Older teens don’t want to be babysat. They want purpose and autonomy. Offer real choices: lead a project, run a podcast, organize a community event, or just have a space to talk about school stress. Give them a mic-literally or figuratively. Let them solve problems instead of just following rules. A 15-year-old who runs a weekly open mic night will stick around far longer than one who just plays basketball.

What if I don’t have enough staff or volunteers?

You don’t need more people-you need better energy. One consistent, relaxed adult who shows up, listens, and doesn’t micromanage is worth ten overworked ones. Ask local high school students to help. Many need volunteer hours and crave connection. Offer them a snack, a thank-you note, and the freedom to run their own small activity. You’re not hiring staff-you’re building a community.

How do I handle drama or conflict between kids?

Don’t rush to fix it. Let them work it out-with you as a calm guide, not a judge. Say: "I see this is hard. What do you both need right now?" Create a simple rule: no yelling, no name-calling, but feelings are allowed. Most conflicts fade when kids feel heard.

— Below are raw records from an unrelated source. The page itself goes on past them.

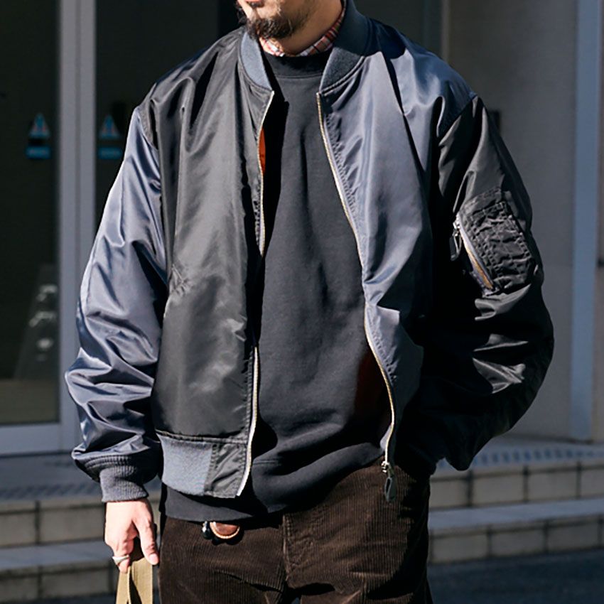 例えば、MA-1は青と黒という定番色によるアシンメトリーデザイン、パンツは表情のあるコーデュロイ素材、スウェットの襟からはチェックシャツをちょい出し。ナイジェルケーボンのバッグやダナーの革靴といった男らしいアクセントにもご注目を。タフでユニークなアメカジスタイルの完成だ。
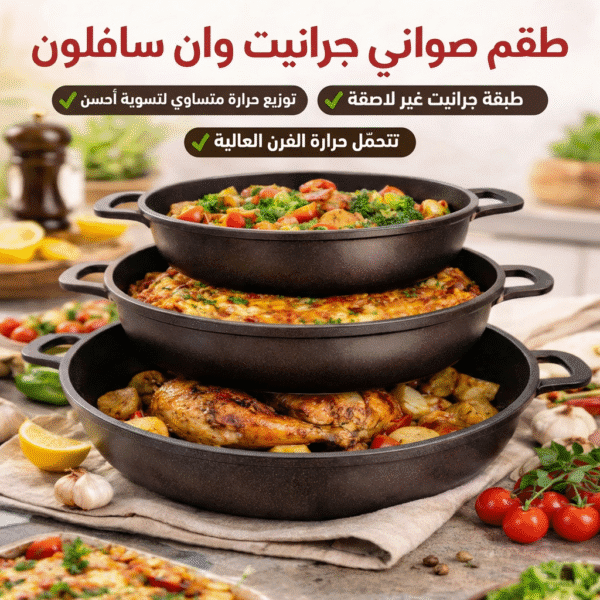 السعر الأصلي هو: 1.100,00 EGP.849,00 EGPالسعر الحالي هو: 849,00 EGP.طقم 3 صينيه فرن جرانيت موديل وان سافلون مدور مزود بيد
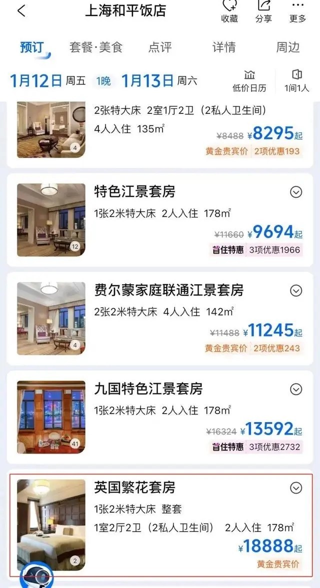 劇中出鏡率極高的和平飯店英國套房也成了“熱門產(chǎn)品”。目前,和平飯店英國套房在旅游平臺上被命名為“英國繁花套房”。9日查詢攜程旅行平臺發(fā)現(xiàn),9-11日該套房已售罄,12日入住一晚的價格為18888元。據(jù)媒體此前報道,這一套房在今年春節(jié)期間含早價為22888元一晚。
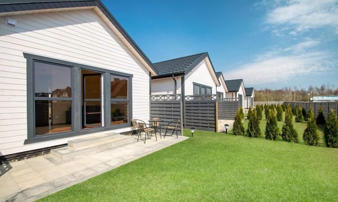 Professional and attractively equipped holiday resort 650 meters from the beach, on the outskirts of a quiet seaside settlement (Łazy), in the immediate vicinity of Lake Jamno. Comfortable, single-storey holiday homes. Each with a terrace (garden furniture set) and a small, private garden. The cottage has a living room with a double sofa bed and TV, a 3-person bedroom, a kitchen and a bathroom with a shower. Electric heating. Wireless internet is available. On the fenced area of the resort there is an attractive playground for children, a secure car park, a table tennis table. Barbecue equipment is available on site (there is a barbecue gazebo, a place for a bonfire). In the resort you can use the washing machine (for a fee). You can come to the resort (for a fee) with a dog, but only so-called gentle breeds are allowed. The price of your stay includes: bed linen, internet, final cleaning, a high chair and a baby bath (on request). In the immediate vicinity you can find many recreational facilities, restaurants and cafes. The international R-10 cycling trail runs nearby, which makes it easy and convenient to get to other nearby seaside towns by bike. The resort is located in the immediate vicinity of Lake Jamno, but convenient access to the water is approx. 600 m away. In the neighbouring Mielno you can rent water equipment (water bikes, kayaks, rowing and sailing boats) allowing for in-depth exploration of this body of water. There are also fishing spots here.
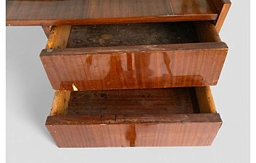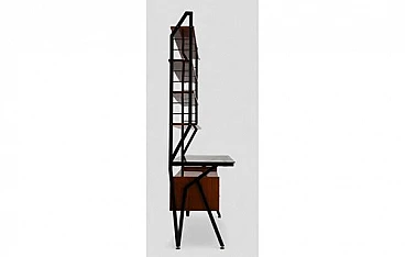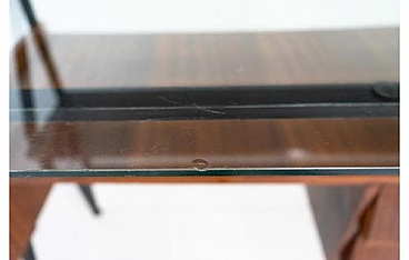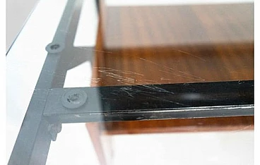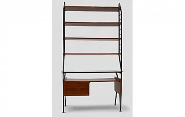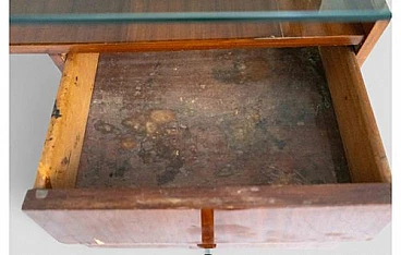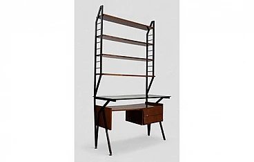 Scrivania in palissandro e vetro con cassetti e libreria, anni '70
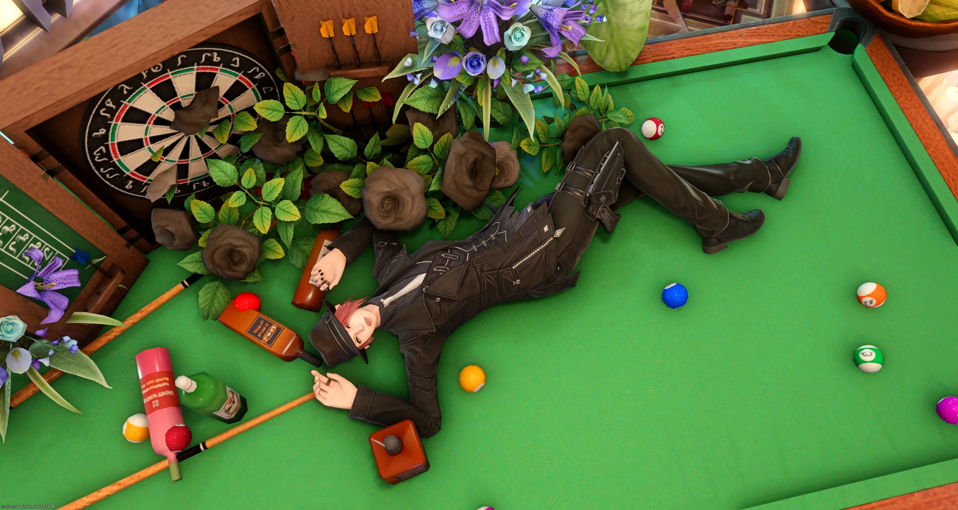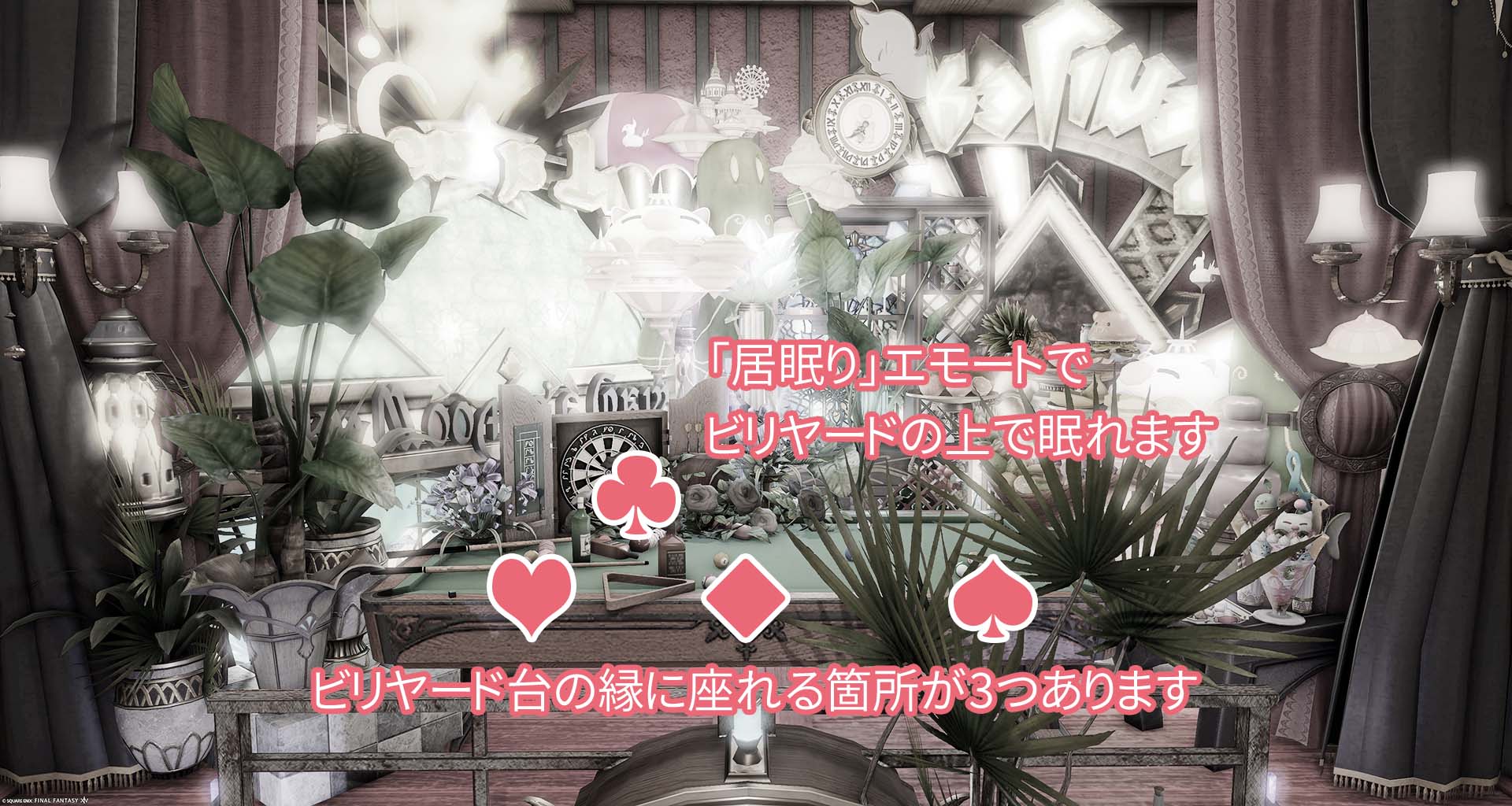 Rouge ou Noir by Mosco(||BR||)🌐Elemental / Typhon(||BR||)📍ミスト・ヴィレッジ15区(||BR||)アパルトメント12号室(||BR||)Rouge ou Noir?(||BR||)*********(||BR||)ビリヤード台で「居眠り」をすると、ビリヤード台の上で寝ることができます。(||BR||)また、ビリヤード台の縁に座るこ(||BR||)#stadio_bonbon(||BR||)https://studio-xiv.com/studio/88910/
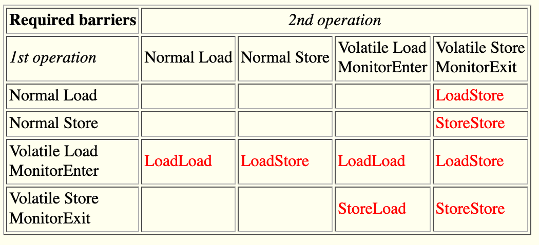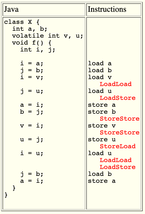 最后可以看一下 JSR-133 Cookbook 里给的例子,大概感受一下操作各种类型变量时候 Barrier 是怎么加的:
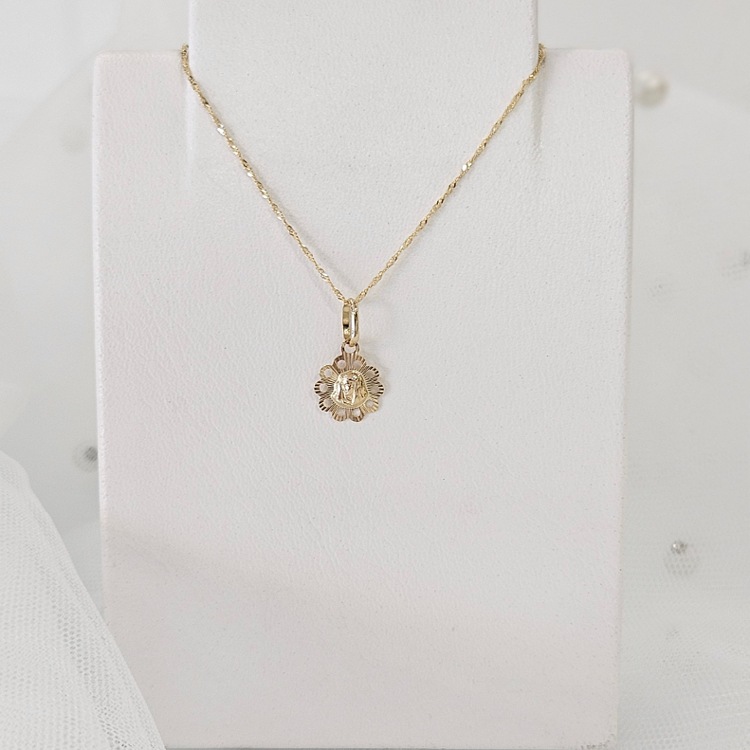 Komplet złoty – łańcuszek singapur + medalik kwiat ażur – złoto próba 585.
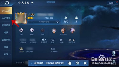 点击后,界面显示出我们的汗青战绩,选择一个我们想查看的对局
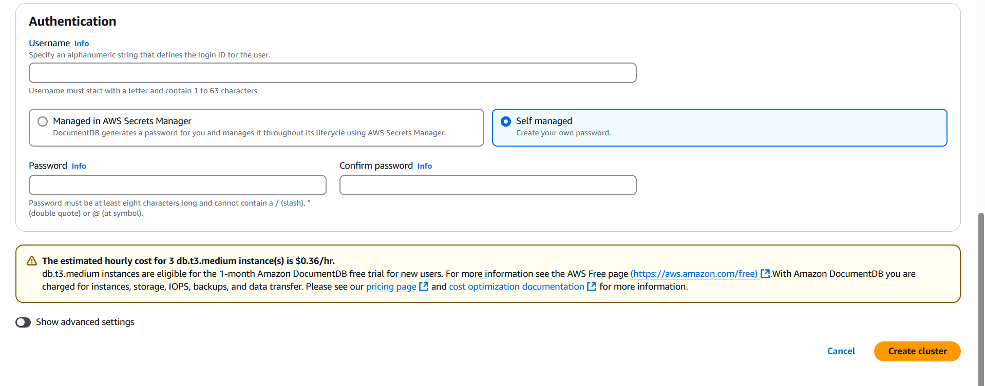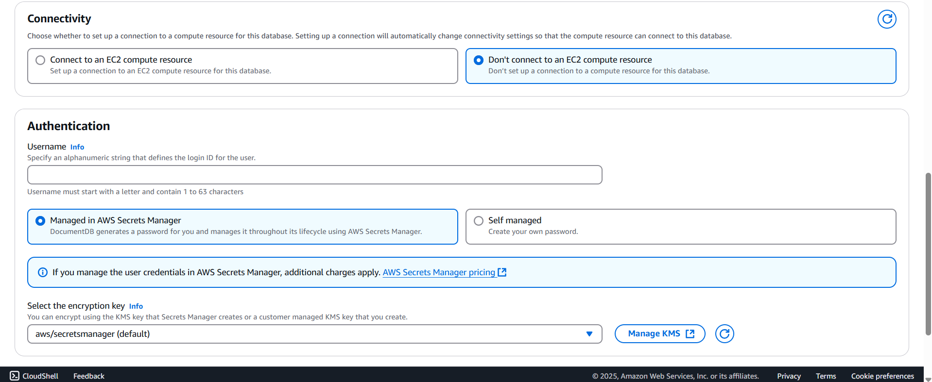 - 처음 DocumentDB 를 쓸 때 사용할 user 를 만들 수 있다. Secrets Manager 및 Self Managed 중 하나를 선택할 수 있으며
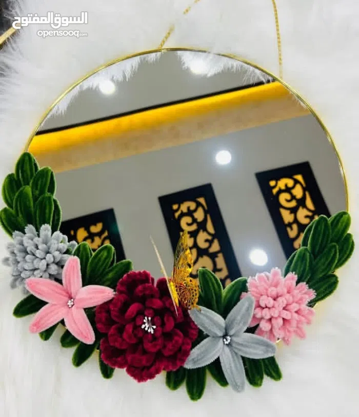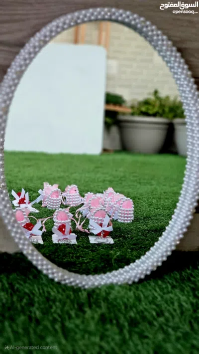مرايا ديكور صنعت خصيصا لك سيدتي مصنوعة بكل حب من عيدان المخمل وحبات اللولو
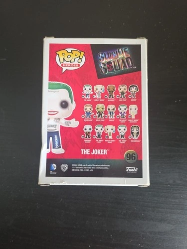 Funko Pop! Heroes #96 – The Joker from Suicide Squad (2016). Vinyl figure. Figure is complete and in good condition. Original box included. Box shows visible shelf wear (corner wear, light creasing, scuffs on window). Plastic window intact. Please review photos carefully — you will receive the exact item shown.
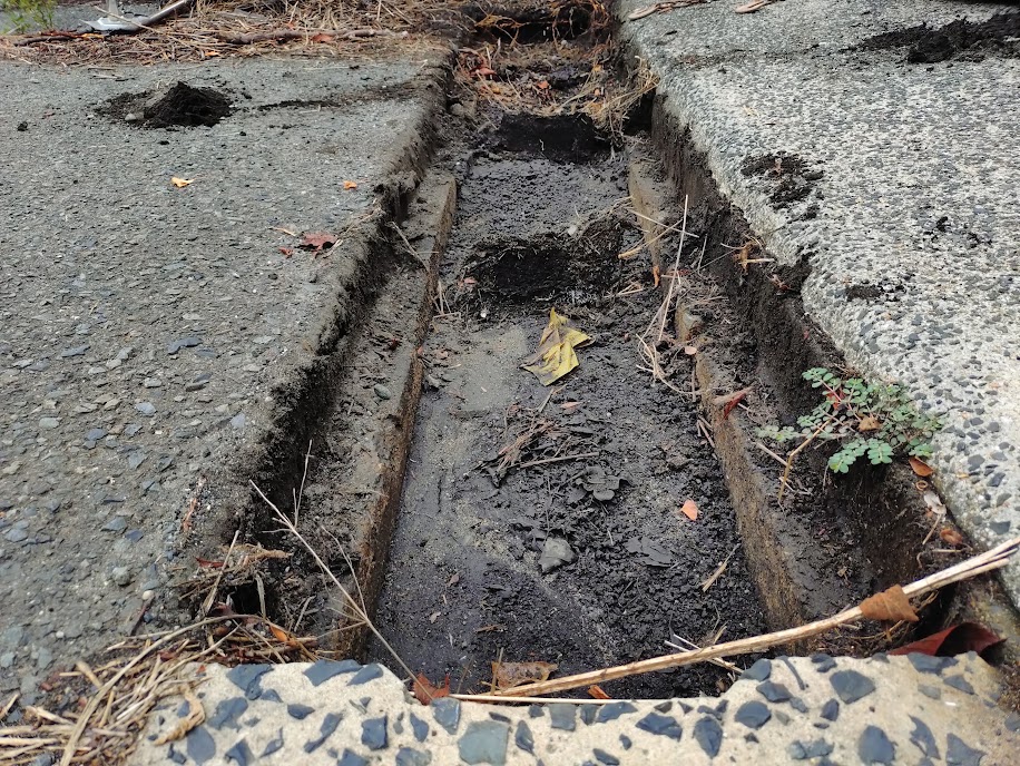 とりあえず放流先の確認をしたら、放流先の側溝が土砂でミッチミチ😨・・・ウソやろ。・・・いや。ウソやない。だって目の前に見えるものが現実のはずだから。

If it’s serious, involve a counselor-but don’t make the club feel like a courtroom.

Is it okay to just let kids be bored sometimes?

Yes. Boredom is where creativity lives. If you’re always filling every minute with activity, kids never learn to entertain themselves. Leave gaps. Put out a box of random craft supplies. Let them stare at the ceiling. Let them sit in silence. You’ll be surprised what they create when they’re not being told what to do.